=== Provided records ===

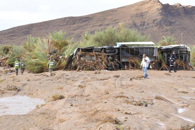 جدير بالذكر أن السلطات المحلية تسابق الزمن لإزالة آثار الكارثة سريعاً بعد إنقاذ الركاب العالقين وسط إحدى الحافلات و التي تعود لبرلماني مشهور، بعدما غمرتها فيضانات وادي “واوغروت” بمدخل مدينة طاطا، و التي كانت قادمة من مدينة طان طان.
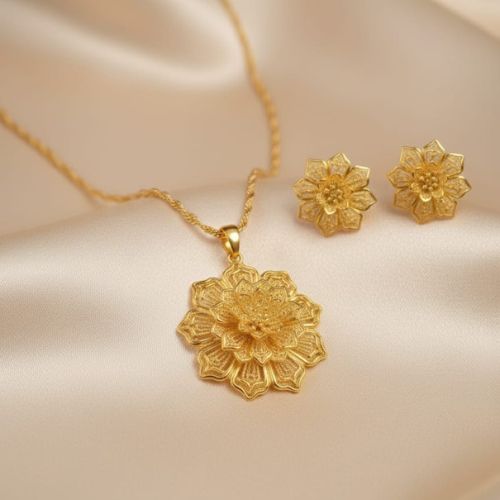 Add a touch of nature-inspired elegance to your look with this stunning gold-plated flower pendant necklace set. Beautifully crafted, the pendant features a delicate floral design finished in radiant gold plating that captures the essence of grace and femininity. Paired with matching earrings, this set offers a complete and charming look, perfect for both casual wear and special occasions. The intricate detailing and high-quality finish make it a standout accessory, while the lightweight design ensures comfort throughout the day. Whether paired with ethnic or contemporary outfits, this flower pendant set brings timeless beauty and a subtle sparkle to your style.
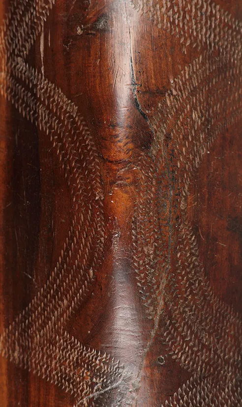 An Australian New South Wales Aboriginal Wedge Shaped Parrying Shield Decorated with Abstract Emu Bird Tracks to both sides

===
=== Provided records ===

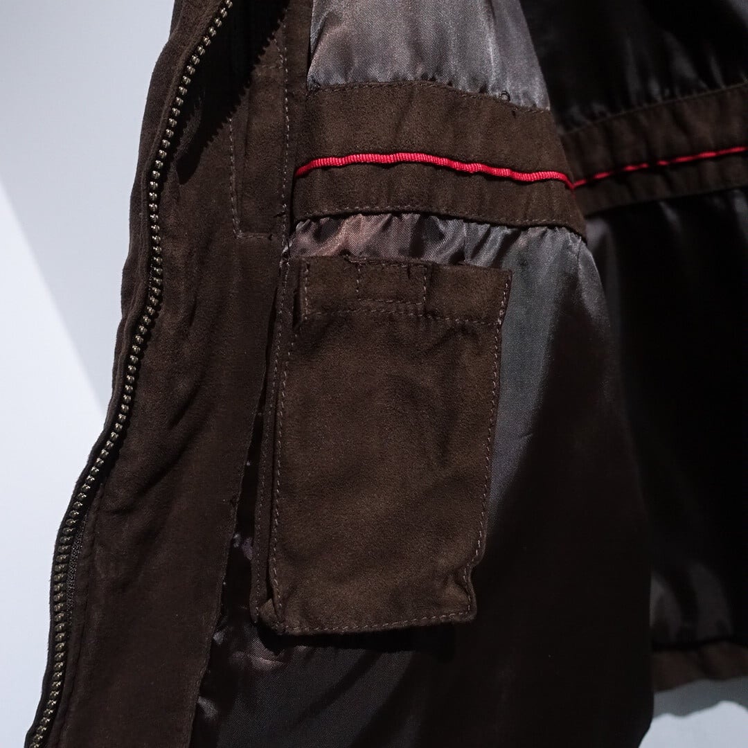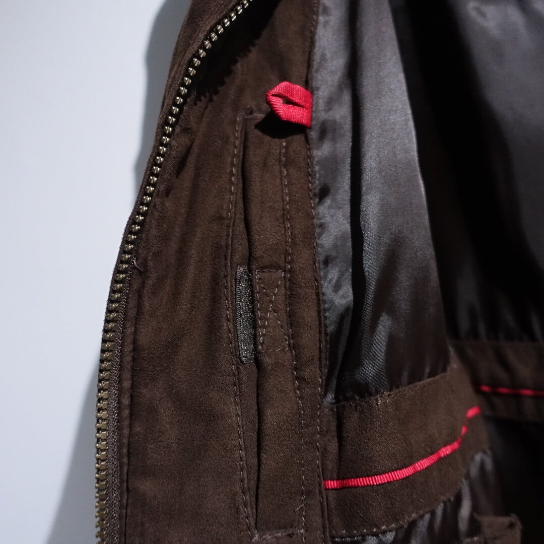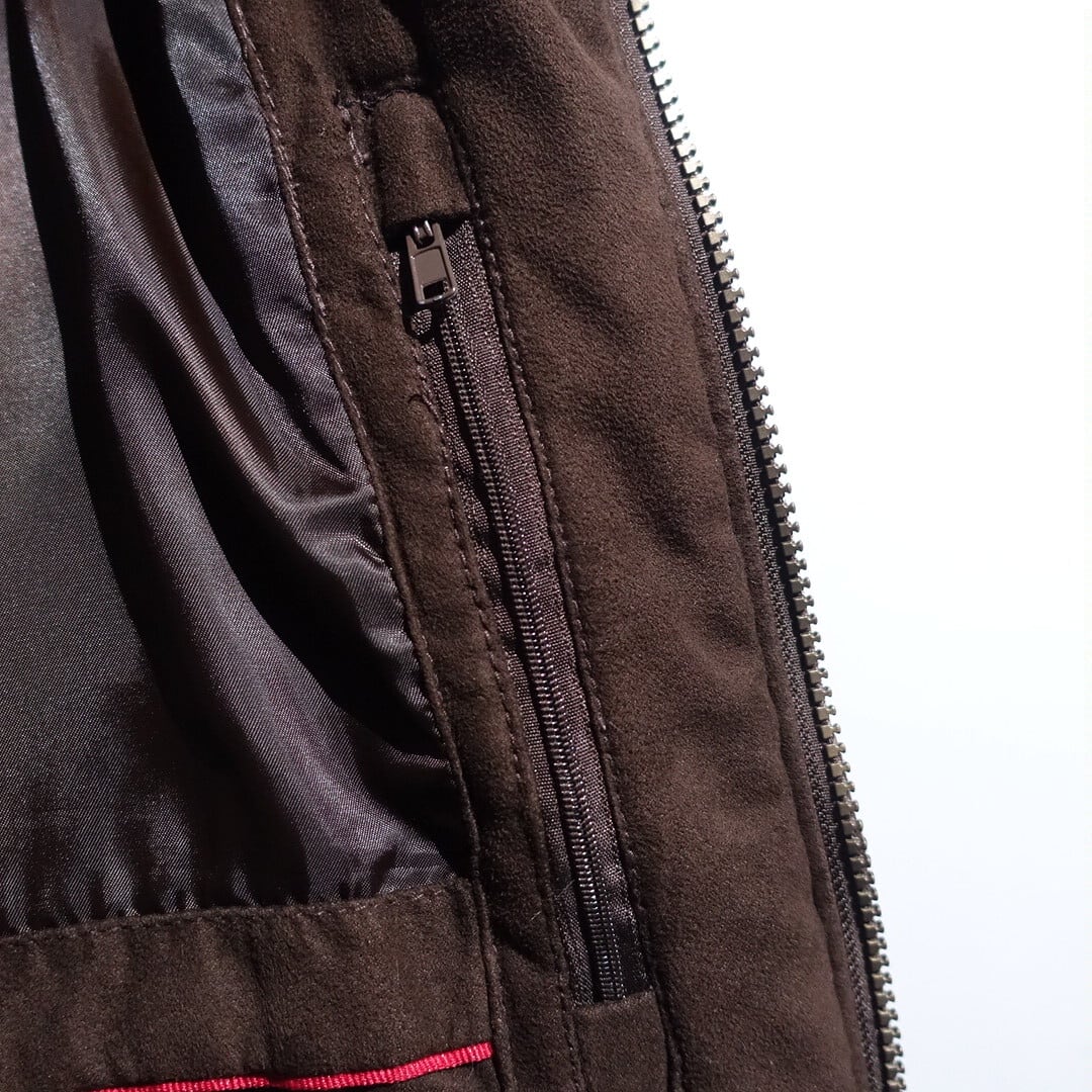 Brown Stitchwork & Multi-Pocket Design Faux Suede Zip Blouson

===

> Prompt
Return the stretch of data that begins with the line showing "Add a touch" and goes on through the line showing "An Australian New", exactly, with pictures removed.

> Response box
 Add a touch of nature-inspired elegance to your look with this stunning gold-plated flower pendant necklace set. Beautifully crafted, the pendant features a delicate floral design finished in radiant gold plating that captures the essence of grace and femininity. Paired with matching earrings, this set offers a complete and charming look, perfect for both casual wear and special occasions. The intricate detailing and high-quality finish make it a standout accessory, while the lightweight design ensures comfort throughout the day. Whether paired with ethnic or contemporary outfits, this flower pendant set brings timeless beauty and a subtle sparkle to your style.
 An Australian New South Wales Aboriginal Wedge Shaped Parrying Shield Decorated with Abstract Emu Bird Tracks to both sides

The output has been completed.